What Role Does Enterprise Resource Planning Play In Supporting Globalization?

SSON / Shared Services & Outsourcing Network

ERP as an enabler

Companies world-wide are feeling the effects of global competition. Mergers and acquisitions, product line convergence, globalization and commoditization are affecting many industries. North American and European companies have been challenged by the introduction of lower priced products coming into their markets from countries with inexpensive labor, causing the trend in recent years toward Low Cost Country Sourcing (LCCS) in turn, introducing a higher level of complexity into the supply chain. In the meantime, some of these offshore companies, having grasped a foothold in more developed market share, have moved operations to these markets (e.g., the U.S.), yet are still managing to keep costs and prices low.

In order to grow and be profitable, today's companies must find a way to compete in the global economy.

Findings from the Aberdeen Group’s Globalization Strategies: ERP as an Enabler benchmark report show that companies are indeed expanding their business in all areas of the supply chain: Sourcing of raw materials or components takes the lead, with 73% of companies looking outside their borders, while 71% are selling their products and services to international markets. These two aspects represent the beginning and end of the supply chain, and are areas with a relatively low cost of entry. Establishing operating locations in foreign countries, on the other hand, can represent considerable investment both in terms of time and cost; yet 65% of respondents already have a global operating presence.

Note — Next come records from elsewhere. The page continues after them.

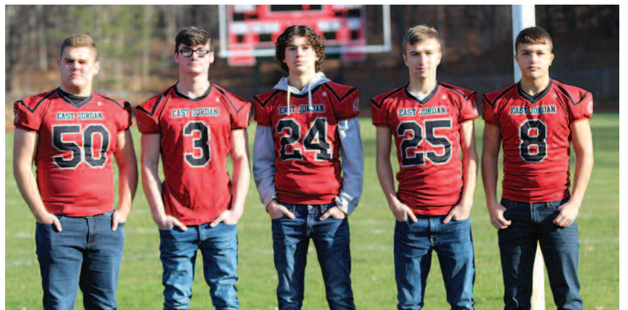
EAST JORDAN 2020 CHARLEVOIX COUNTY NEWS ALL-AREA FOOTBALL SELECTIONS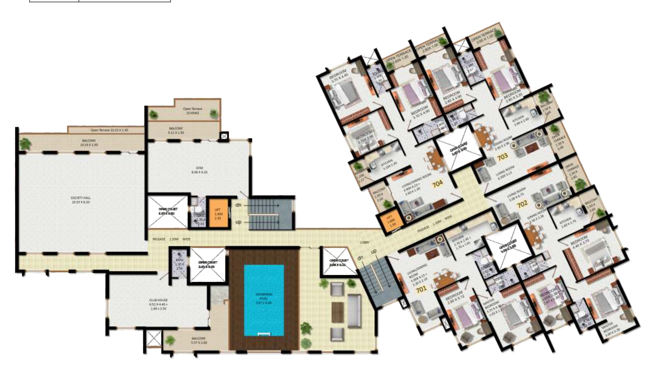
7th Floor Plan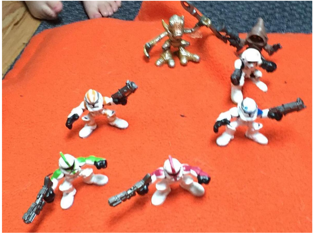
Clones assemble!

I then had him choose a handful of guys to help the Vaders defend the base and a rescue team to try to break-in. He chose Zuckuss, a battle droid, IG-88, a Tusken raider, Kylo Ren, and Darth Maul to defend the base, and I helped him set them up with the ranged guys closer to the entrance and the melee fighters out front. He then chose, essentially, a clone trooper squadron (with a scout trooper, Genosian warrior, and Jawa thrown in for good measure) as the rescue squad.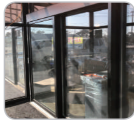
Insulation Automatic Door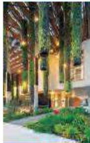
PAMM's hanging gardens facing Biscayne Bay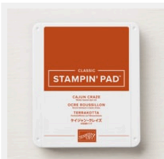
Cajun Craze Classic Stampin' Pad [147085]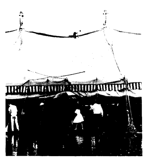
A hearty crew of willing hands heave ho battening down loose ends during a lull in the storm last year at Jekyll Island.

These are only a few of the incidents that occurred at the Feasts in Jekyll Island, Big Sandy and Squaw Valley. There are many other incidents of similar nature that occurred at Blackheath, Hayling Island, Fort-de-France, Merri-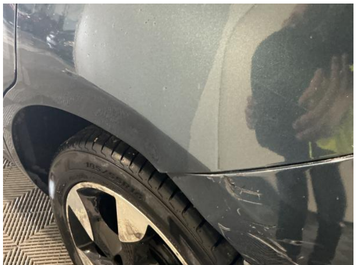
8: Qtr Panel nsr Dented Over 30mm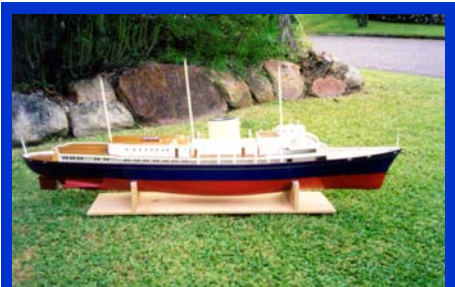
Royal Tacht Britannia L.O.A.: 1200mm Beam: 155mm Scale: 1/100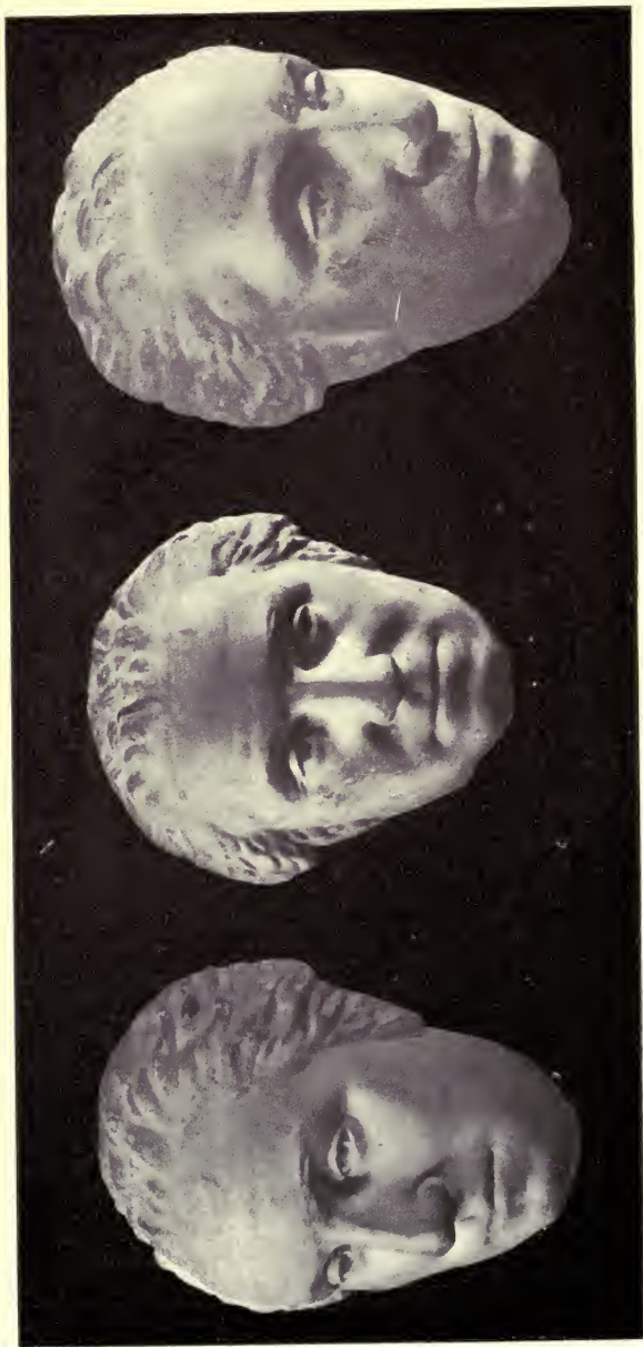
Three views of the life-mask of Washington. From the original in possession of the Historical Society of Pennsylvania.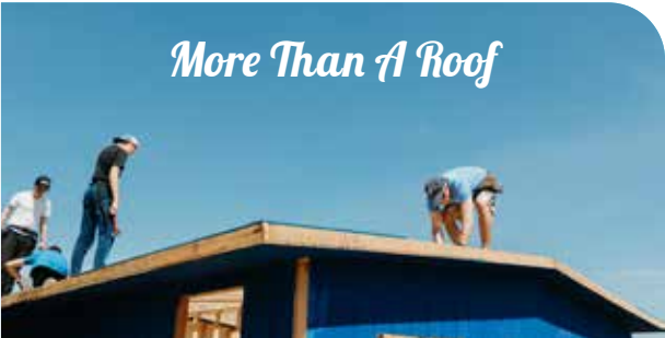
More Than A Roof

We want to extend our thanks for the support you have provided to our More than a Roof Campaign in 2021. Your gifts have made a true difference in the lives of the families in San Quintin! Gracias! Our goal for the year was to build 10 houses for families in need.

Due to the introduction of low cost competition, many companies are globalizing in order to exploit low cost sources of material and labor and thereby remain relevant in the market. Others are looking to expand into new markets and opportunities in order to increase market share.

Shared Services as a Globalization Strategy

How are companies dealing with the increased demands of a global supply chain? As operating locations proliferate, so do costs, and control can slip away. Many companies are addressing these issues by employing shared services for their major business operations. Shared services can eliminate redundancy and help to automate and reduce tasks. The centralized control also ensures that operations are consistent across all locations.

Many functions traditionally managed by Enterprise Resource Planning implementations are now being centralized as shared services. Finance functions in particular are most often shared, with 47% of respondents reporting that they use shared services for their accounts payable functions, 40% for accounts receivable, and 36% for planning and budgeting. However, without common infrastructure and centralized data management solutions, each operating location could be maintaining data in disparate applications, and duplicating efforts in order to record the same data into the corporate shared system. This leads to problems with data security and integration. If corporate functions like finance are shared but IT is not, then everybody will have a problem with interoperability.

Not surprisingly, IT operations are most commonly run as a shared service, and also act as the backbone for most successful shared services. Centralized IT functions lead to a common infrastructure and possibly common applications across all operating locations. Decisions are made with a broader view, as opposed to only considering the needs of each individual plant or operational silo.

Enabling Shared Services With Standardized ERP

When ERP functions are being shared, an obvious obstacle is the number of disparate implementations that must be integrated. Aberdeen Group’s 2008 ERP in Manufacturing benchmark report found that companies have an average of 2.0 ERP implementations (more for larger companies), often because divisions are allowed to make their own ERP decisions or as a result of mergers and acquisitions. The Globalization Strategies survey found that "best-in-class" companies are 14% more likely than "industry average" and 2.1-times as likely as "laggard" companies to standardize their ERP implementation across the enterprise, a capability which becomes more critical as the number of operational locations grows along with company size. A single ERP package, or a single ERP instance even more so, can simplify the operation of shared services. However, the level of autonomy and heterogeneity between operating locations will impact the extent to which standardization is possible. In these cases, harmonizing charts of accounts, product, customers, and supplier codes will better enable interoperability and consolidated reporting across the enterprise.

About the Author

Cindy Jutras, Vice President & Group Director, Aberdeen Group, has over 30 years of business experience in manufacturing, ERP and supply chain management. She oversees research programs, products and services, as well as client development related to manufacturing for the Aberdeen Group.